With the best month on the board—that being October—being just around the corner, I’m starting to look ahead at what life experiences will end up in Triumphs & Tribulations XXII, which is set to begin next Friday. While I was doing that, I did take a peek back at past years’ entries in late September, and there was the entry from Triumphs & Tribulations I on this very day 20 years ago that tickled me. It was a Monday evening, just 2 weeks after a national tragedy, and I was at home…still in my uniform as I had wrapped up my shift at Domino’s Pizza about an hour earlier. I had just finished Chapter 1 of Upton Sinclair’s The Jungle as part of Mr.
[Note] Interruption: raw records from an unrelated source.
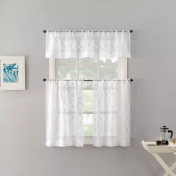 No. 918 Tina Geometric Clipped Jacquard Semi-Sheer Rod Pocket 3-piece Kitchen Curtain Valance & Tiers Set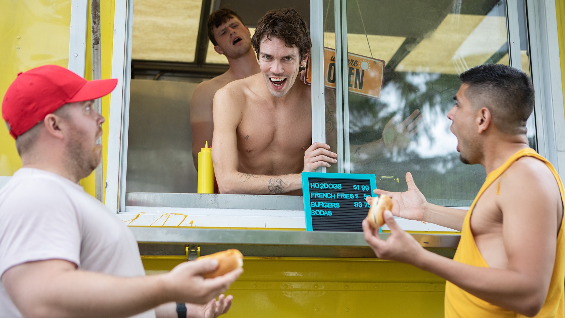 Chris Cool is a regular at Finn Harding's food truck, and not for the hot dogs. As Chris's flirting starts interfering with business, Finn invites him inside so they can work and play at the same time. Chris tries to take orders as Finn rims him, but he's not a people person... he's a cocky person, so he sucks Finn as the top works. Finn bends Chris over to fuck him doggystyle as Chris mans the window, then pounds the bottom on the counter. Chris takes Finn's big sausage in his buns till he cums, then puts the top's dick in a bun and takes some special sauce on his face.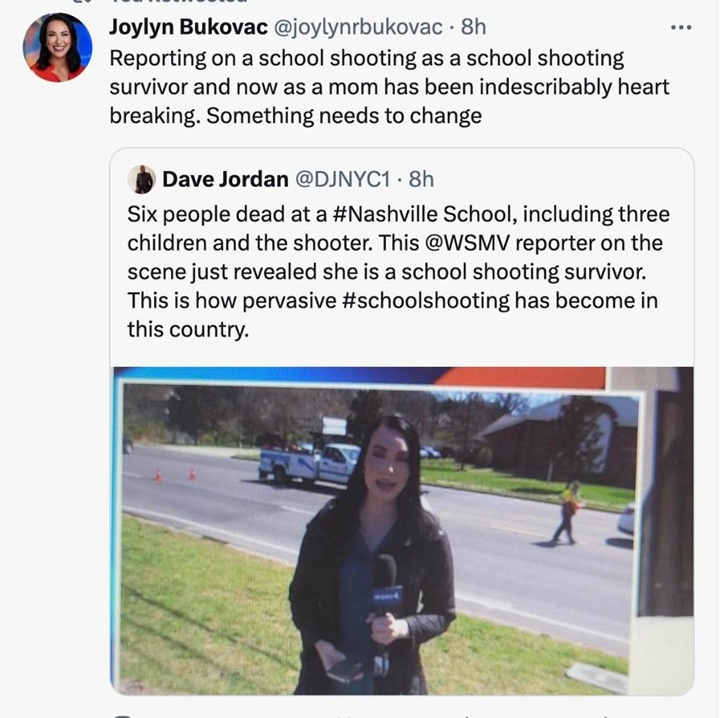 田納西州當(dāng)?shù)仉娨暸_記者喬伊林·布科瓦茨趕往現(xiàn)場報道槍擊案,并在連線出鏡時坦露,自己曾在學(xué)生時代遭遇校園槍擊案。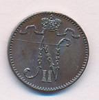 Лицевая сторона — вензель Александра II, оборотная — номинал (1 PENNIA) и дата. Нормативный вес — 1,28 грамма, гурт гладкий.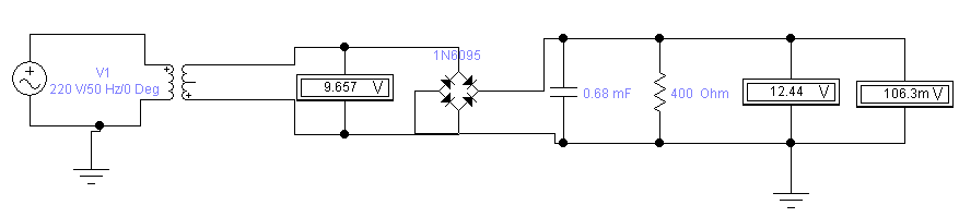 Исследование работы спроектированной схемы ИВП будем проводить при помощи программы Electronics Workbench. Т.к. в схему введено балластное сопротивление, то необходимо изменить параметры трансформатора для повышения вторичного напряжения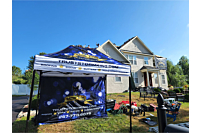 Another great photo sent in by a happy customer! This 6.5x10 "Impact Package" Custom Tent design features a full color sublimation printed canopy with a full height 10ft wide back wall. Storm King took full advantage of our unlimited dye sub printing by creating a full edge to edge print design that looks amazing!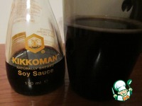 Растворимый кофе развести в чашке с горячей водой и сахаром. Подготовить соевый соус Киккоман. |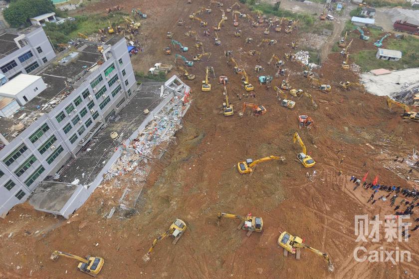 航拍深圳垮塌事故第三日救援现场,厂房一侧已被挖出。 财新图片
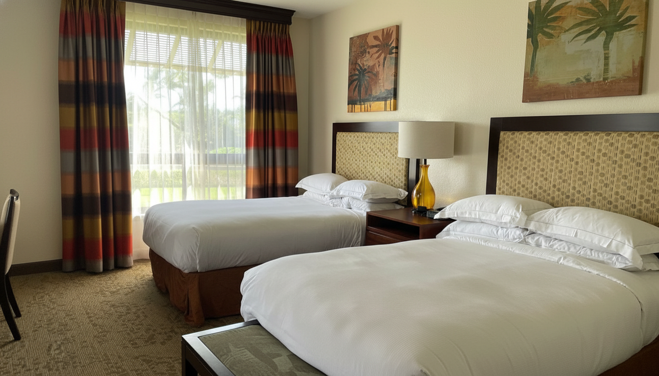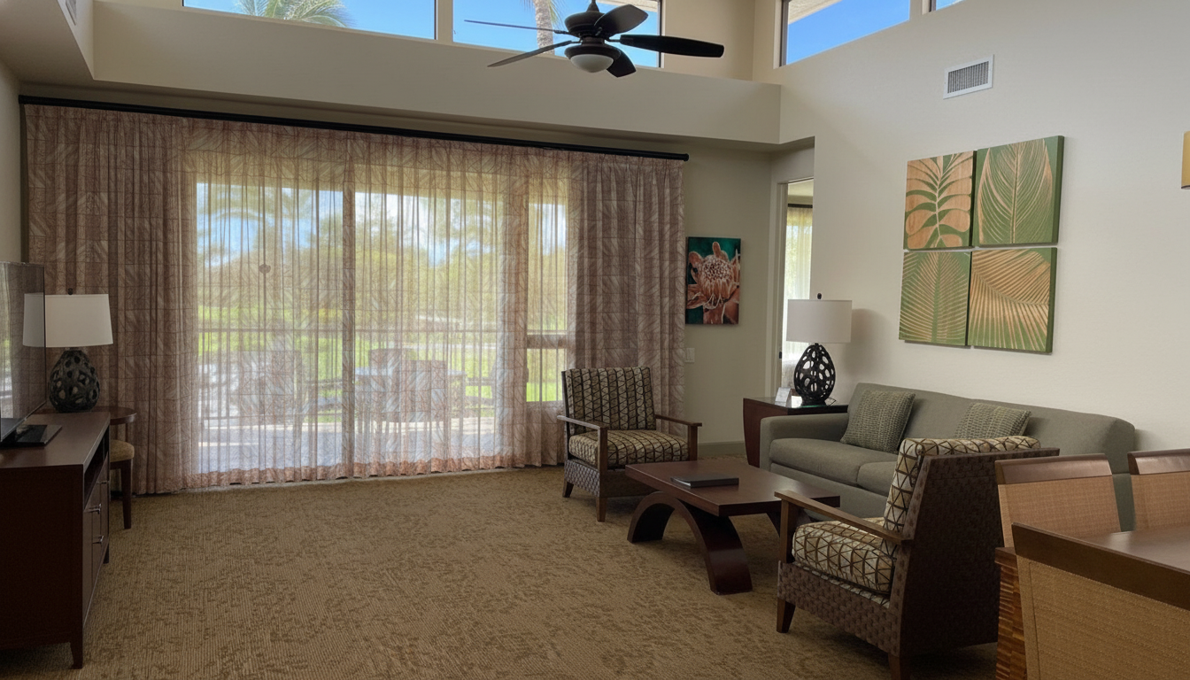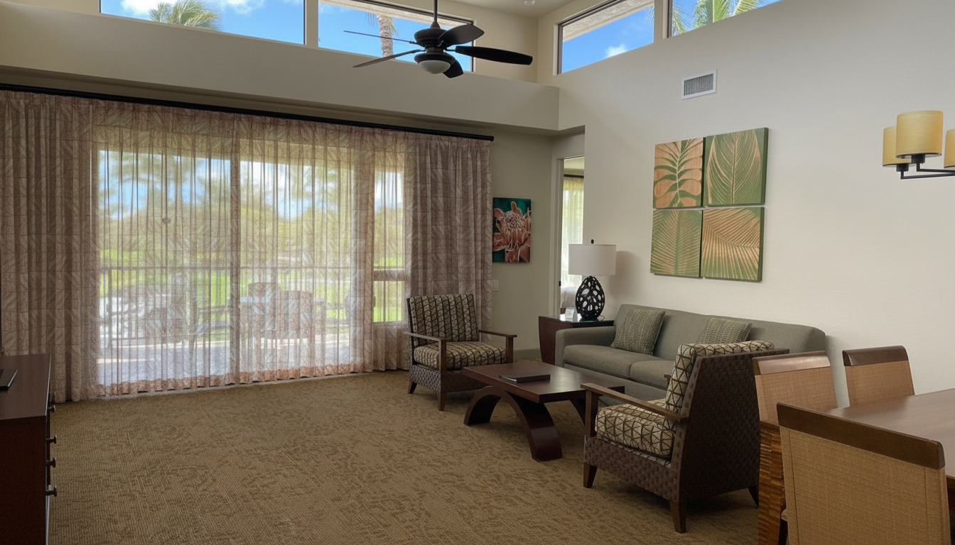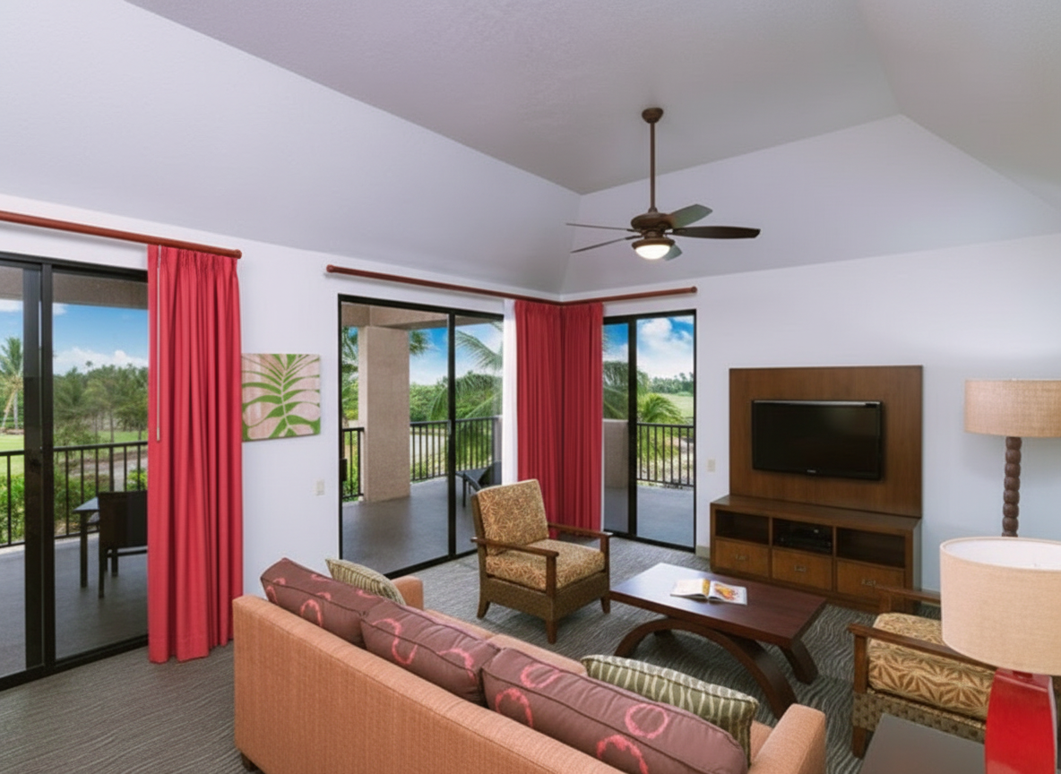 Located on Hawaii's Big Island in the heart of Waikoloa, this Hilton Grand Vacations Club property offers a luxurious island escape nestled between championship golf courses on the sun-drenched Kohala Coast. Features spacious one- and two-bedroom suites with full kitchens and private lanais overlooking manicured grounds. Guests enjoy two swimming pools, tennis courts, fitness facilities, and nearby beach access. Perfect for families seeking spacious accommodations with resort amenities in a tropical setting.

Moore’s Honors United States History 11 curriculum (I was a little over 2 months away from Rani Chapman stealing my book), and making sense of that chapter was a bit nerve-racking. So, to decompress, I broke out the old Compaq Presario 1200 and started playing RollerCoaster Tycoon. I opened up one of the saves from the Dynamite Dunes level and I was working on adding the Launched Freefall thrill ride. Unfortunately, I gave it too much launch speed, and that joint flew right through, and customers died. My Park Rating took a massive hit, and I was so annoyed that I just shut off the computer. That brings me to this week’s moment in the Flashback Friday series: the RollerCoaster Tycoon video game.
How I first came across this moment? I first came across RollerCoaster Tycoon a few months earlier…in March 2001. I was on spring break, and I certainly wasn’t staying in the house, so I took the MAX out to the Wildwood Shopping Center to hang out. Besides seeing Recess: School’s Out at Regal Cinemas Wildwood 14 and looking at the new arrivals in Books-A-Million, I stopped in at the Walmart Supercenter. I saw the game in the electronics section, and it looked interesting. It was only $10.99, and I had the loot, so I bought it.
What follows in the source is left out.